Çok sayıda görgü tanığı raporuna ve televizyon görüntülerine göre, birçok yerde insanlar enkaz dağlarını temizlemek için koşuşturmuş ve binaların içindekileri gelişigüzel atmışlardır.
Bazı uzmanlar toksik kirlenmeden kaynaklanan ‘ikincil bir felaketin’ depremlerden bile daha şiddetli olabileceğini söyledi.
İnşaat mühendisi ve Türkiye Asbest Söküm Uzmanları Derneği Başkanı Mehmet Şeyhmus Ensari, “İyimser bir tahminle 3 milyon kişinin hasta olacağını söyleyebilirim” dedi.
Türkiye Çevre, Şehircilik ve İklim Değişikliği Bakanlığı, Sağlık Bakanlığı ve Afet Yönetimi Başkanlığı (AFAD) bu haber için yapılan açıklama taleplerine yanıt vermedi.
Türkiye’nin depremden en kötü etkilenen bölgelerinden olan Hatay ili, ortaya çıkan sağlık tehlikelerinin boyutunu göstermektedir.

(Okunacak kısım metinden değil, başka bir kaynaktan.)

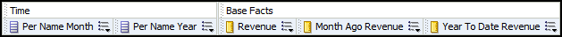 Drag the Month Ago Revenue logical column to the Base Facts presentation folder.
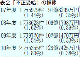 shinbun_1526_05  「不正」と数えられた中には、部活費用を捻出するために高校生が行ったバイト代を、必要と知らされず申告しなかった場合などが多いのです。申告していれば 収入認定から外され得る性格のもので、悪質とはいえません。件数や金額の増加は受給世帯全体の増加に伴う現象で、発生率(表2)をみればそれほど増えていません。
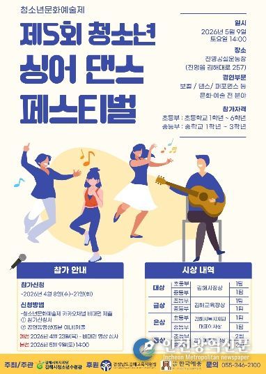 [인천광역신문] 최예준 기자 | (재)김해시복지재단(대표이사 임주택) 청소년수련관은 오는 5월 9일(토) 오후 2시부터 4시까지 진영운동장에서 청소년의 달을 맞아 ‘제5회 싱어댄스 페스티벌’을 개최한다고 밝혔다.
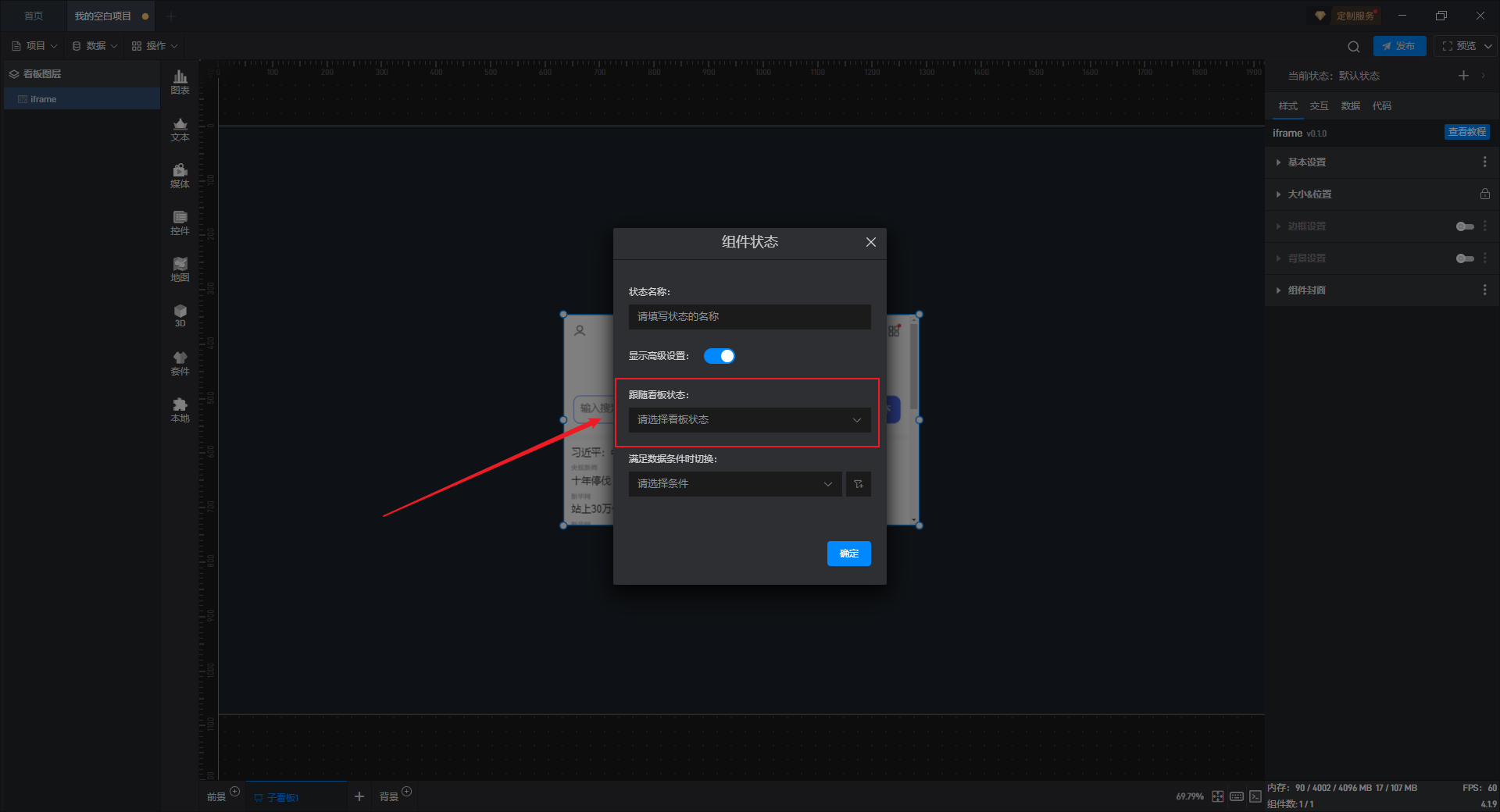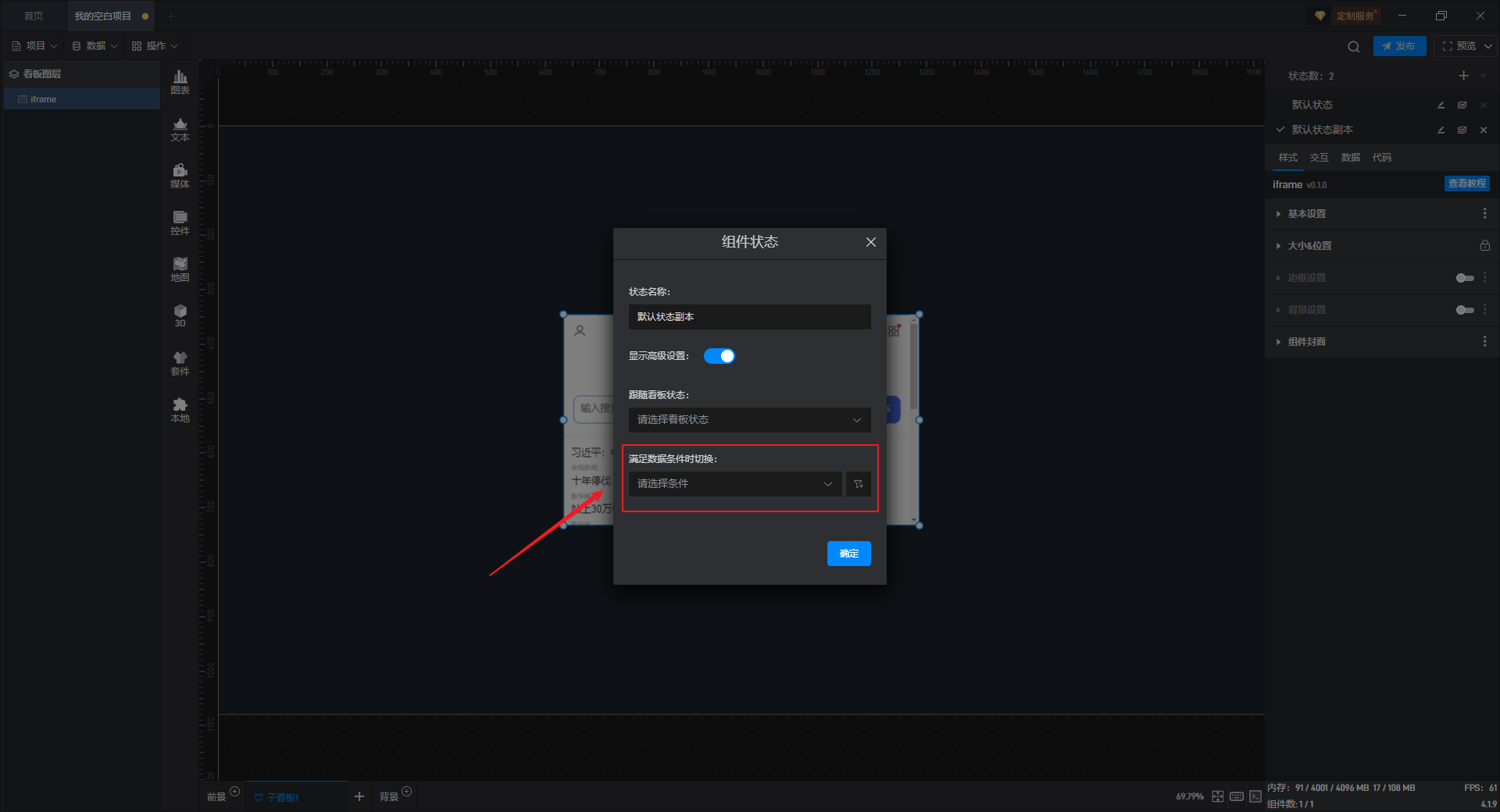 在这里我们可以选择已设置的数据条件,从而在数据条件满足时,组件的状态就会发生变化。
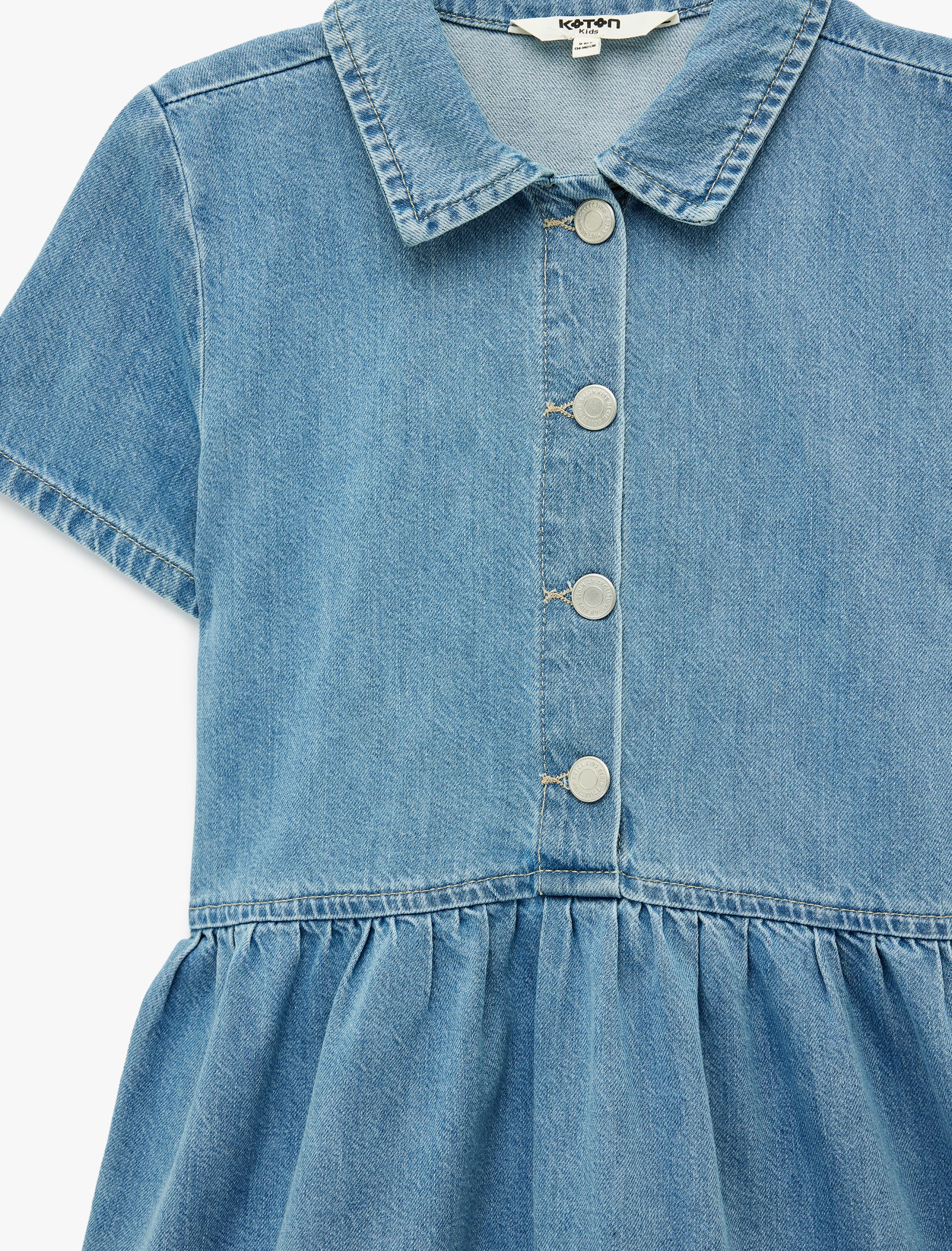 Kız Çocuk Pamuklu Düğmeli Kısa Kollu Gömlek Yaka Denim Elbise
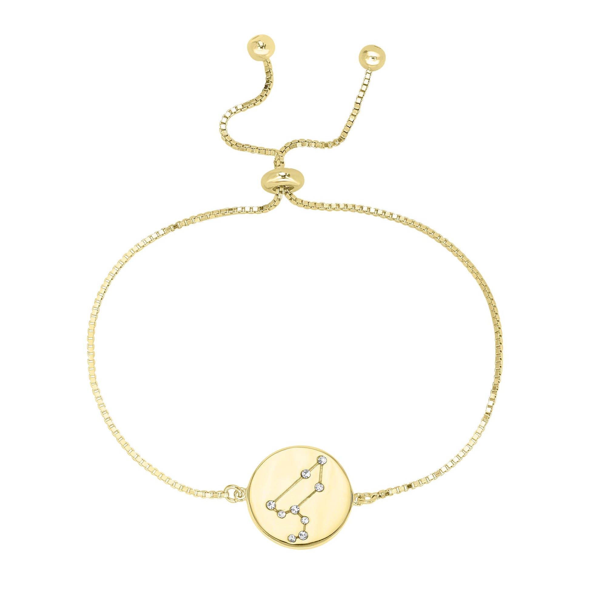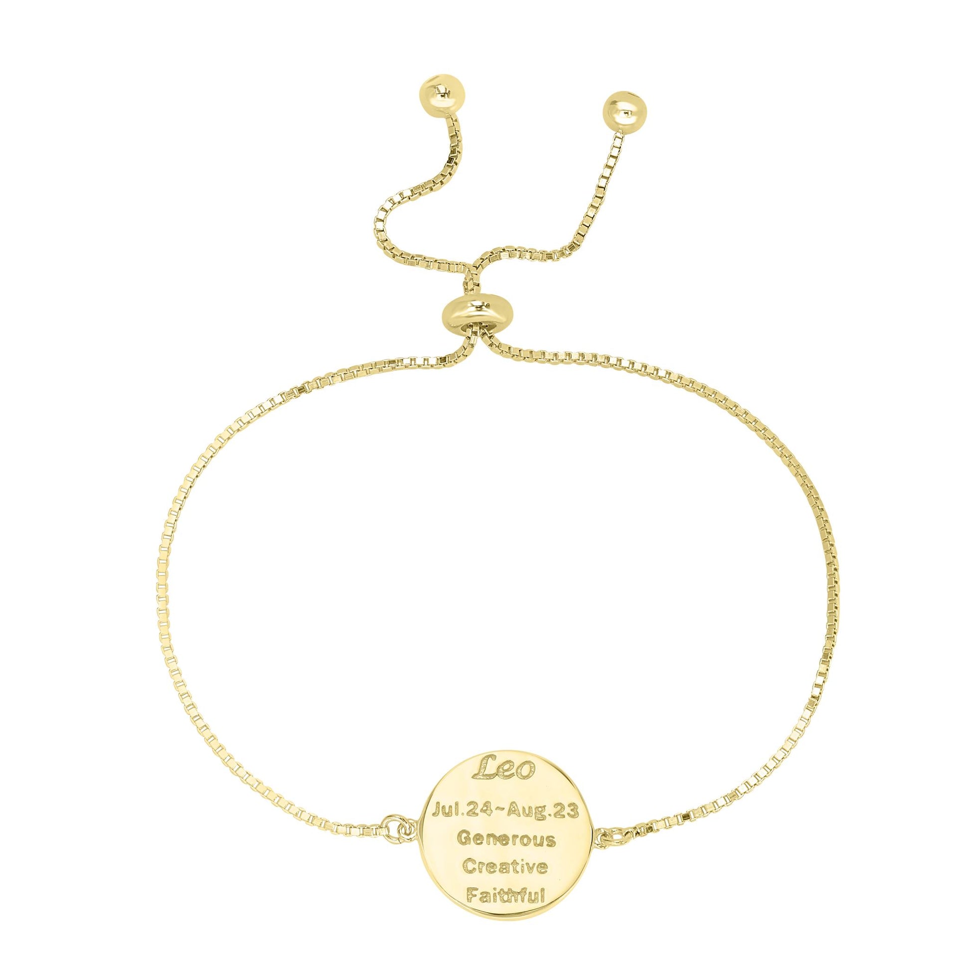 Celebrate your star sign with the Gemistry Zodiac Collection. Each piece depicts the constellation and unique traits of the zodiac signs, offering a personalized touch to your celestial connection. The Gemistry 14K Gold Over Sterling Silver Leo Zodiac Crystal Bracelet features a stunning Leo design adorned with genuine Crystal Quartz gemstones. Handcrafted from nickel-free, 14K Gold-Plated Sterling Silver, this bracelet measures 5 to 9 inches in length, offering an adjustable fit. The genuine Crystal Quartz stones are hand-selected for their clarity, hue, and value, ensuring that each piece is as unique as the individual wearing it. A meaningful gift for those born between July 23rd - August 22nd, Leos are the celestial kings and queens of the jungle and are passionate and loyal. Leos love to be in the spotlight, embracing their fiery and vivacious qualities. Whether worn alone or stacked with other bracelets, it makes a striking statement for any occasion.
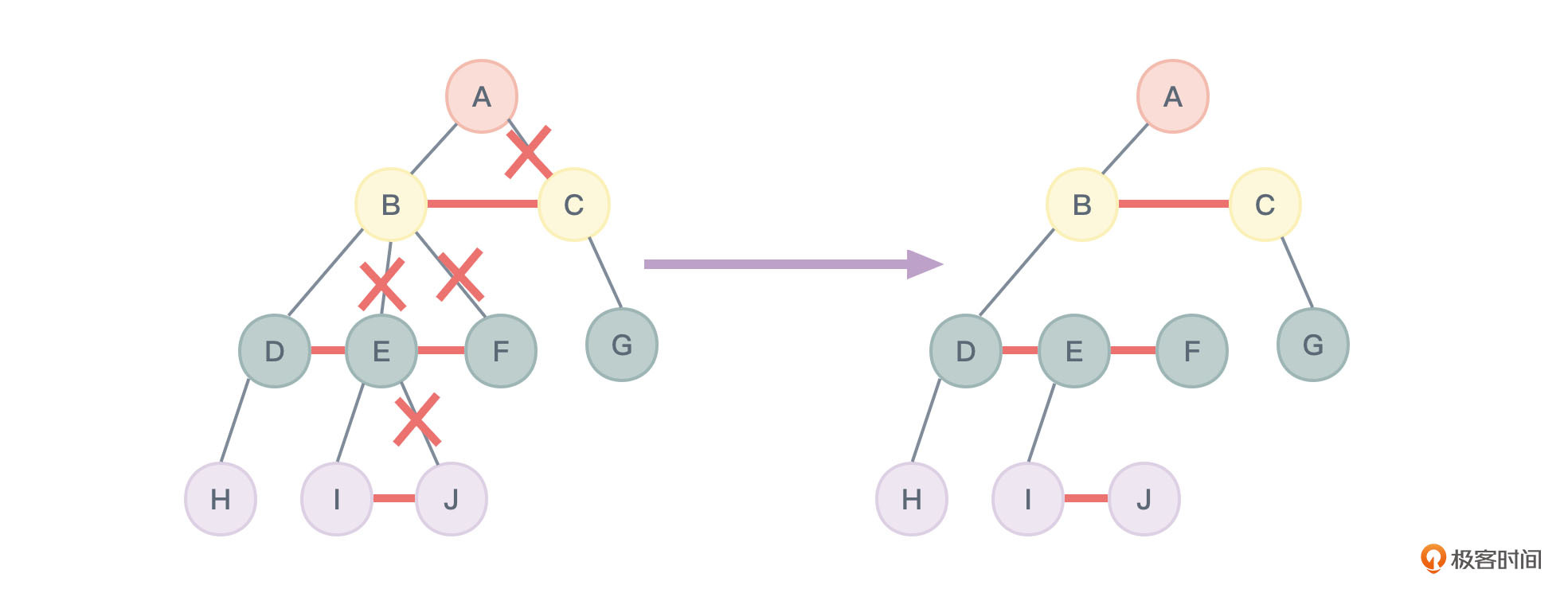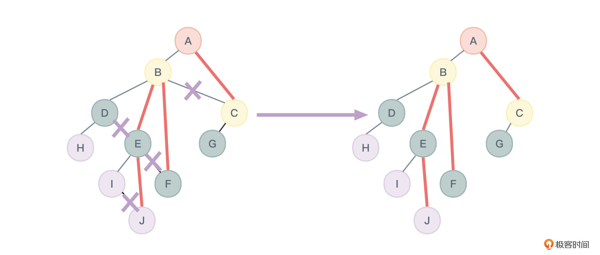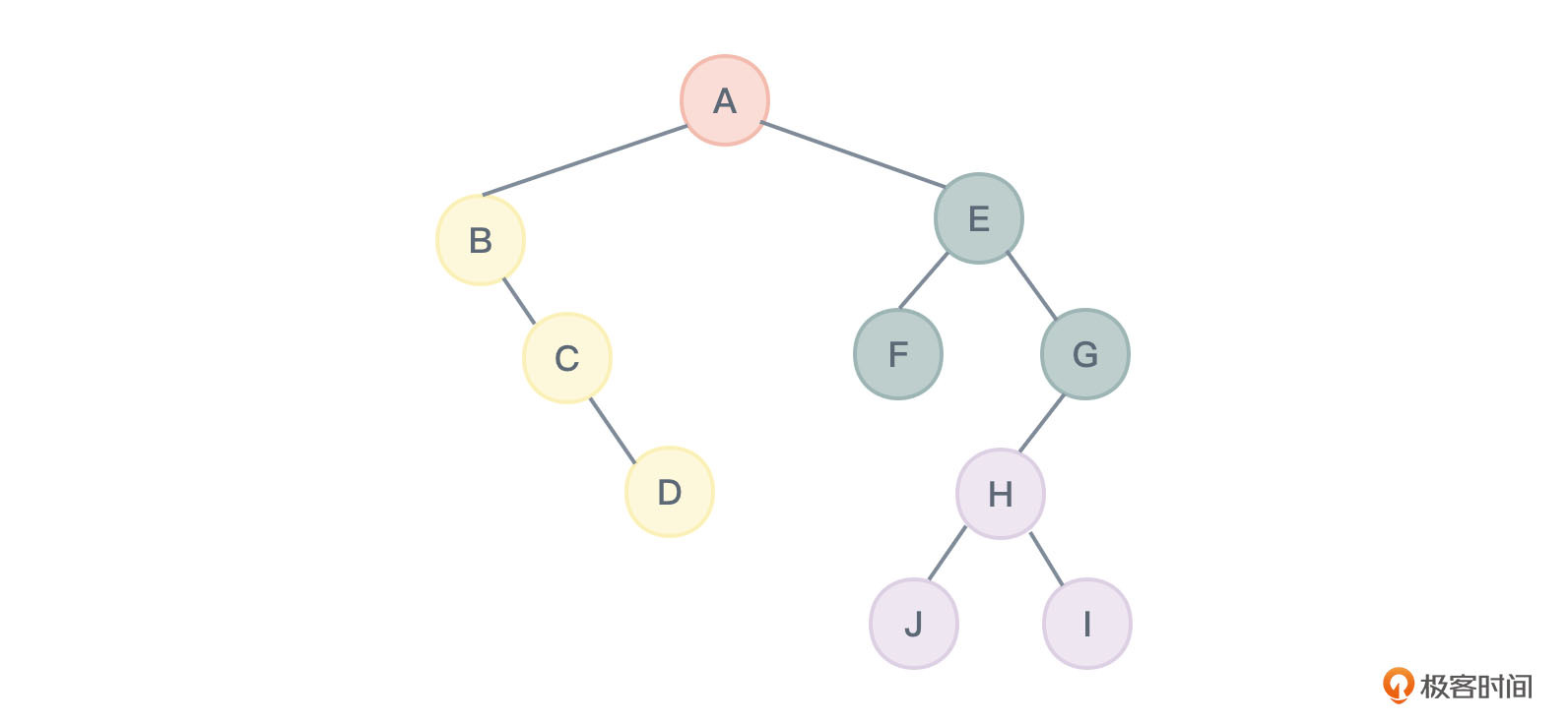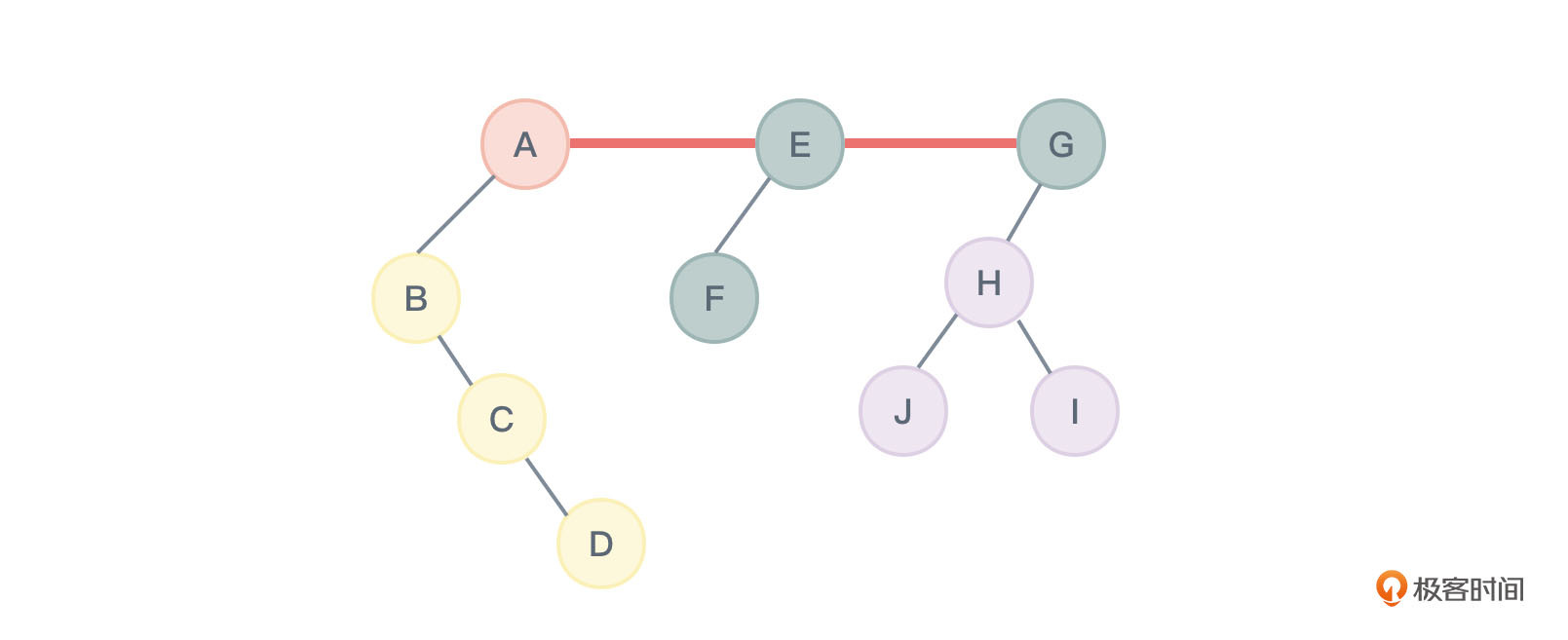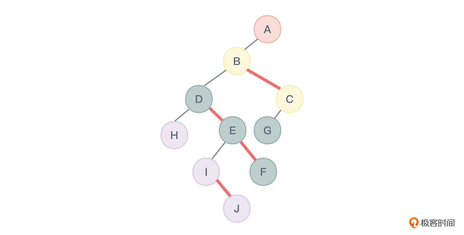 - 加线:若某个节点X是其父节点Y的左孩子,则把X的右孩子,右孩子的右孩子……,都与Y用连线连接起来。A和C相连,B和E相连,B和F相连,E和J相连。如图24所示:
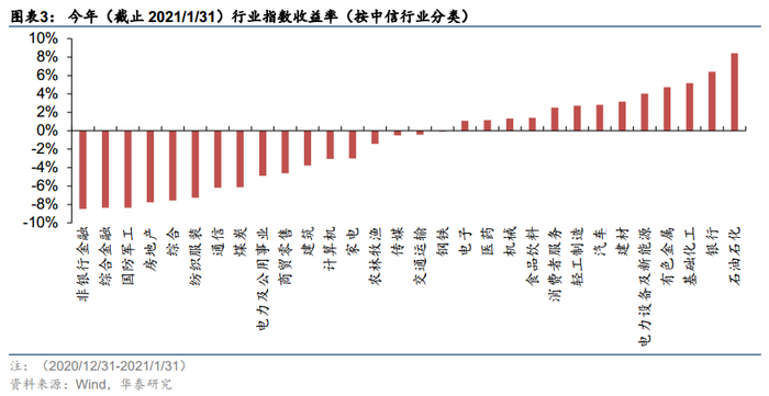 1月石油石化指数收益最高,上涨8.42%;银行行业指数次之,为6.40%,基础化工、有色金属和电力设备及新能源等行业涨幅靠前。在下跌的行业指数中,非银金融跌幅达8.48%;综合金融、国防军工和房地产等行业也表现落后。
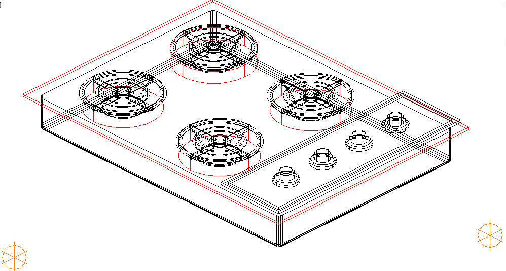 Here is the detailed autocad dwg of gas stove with its detail 3d view of the gas stove of four burners.
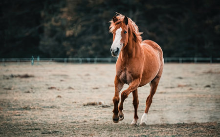 Beautiful red horse running in the paddock in autumn time.
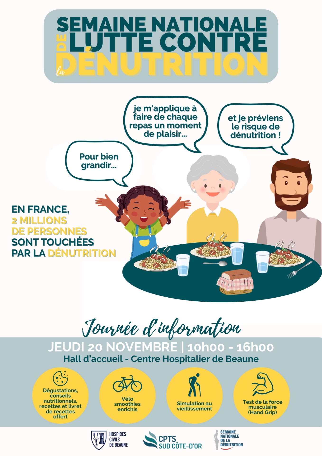 À l’occasion de la Semaine nationale de lutte contre la dénutrition, le service diététique des Hospices Civils de Beaune organise une journée d’information le mercredi 20 novembre, de 10 h à 16 h, dans le hall d’accueil du Centre Hospitalier de Beaune.

Bereketli Hilal olarak bilinen bölgenin bir parçası olan 1,7 milyon nüfuslu il, tarımsal üretim ve gıda endüstrisi için kritik öneme sahiptir ve BM Gıda ve Tarım Örgütü’ne göre Türkiye’nin tarımsal Gayri Safi Yurtiçi Hasılasının (GSYH) %14,5’ini oluşturmaktadır.
Atıkları bertaraf etme çabaları o kadar gelişigüzel ki, bazı yerel halk daha iyi koruma için her hafta protesto gösterileri düzenliyor. Nisan ayında bir grup sağlık görevlisi, çevre mühendisi ve avukat evlerin, hastanelerin, ibadethanelerin, zeytinliklerin ve kıyı sulak alanlarının yakınına çöp dökülmesini durdurmak için dava açtı.
Davacılar, 85,000 toksik madde içeren inşaat molozlarının en az 15 alana döküldüğünü söyledi. Reuters bu bilgiyi bağımsız olarak teyit edemedi.
Yerel mahkeme henüz temyiz başvurusu hakkında karar vermedi.
Türkiye Cumhurbaşkanı Tayyip Erdoğan, deprem bölgesinde hükümetinin ilk müdahalesinin hızına yönelik yaygın öfkenin ortasında pazar günü yapılacak seçimlerde yirmi yıllık iktidarının en zorlu yeniden seçilme mücadelesiyle karşı karşıya. Erdoğan kampanyasının büyük bir bölümünü yıkılan bölgeleri hızla yeniden inşa etme vaatlerine odakladı.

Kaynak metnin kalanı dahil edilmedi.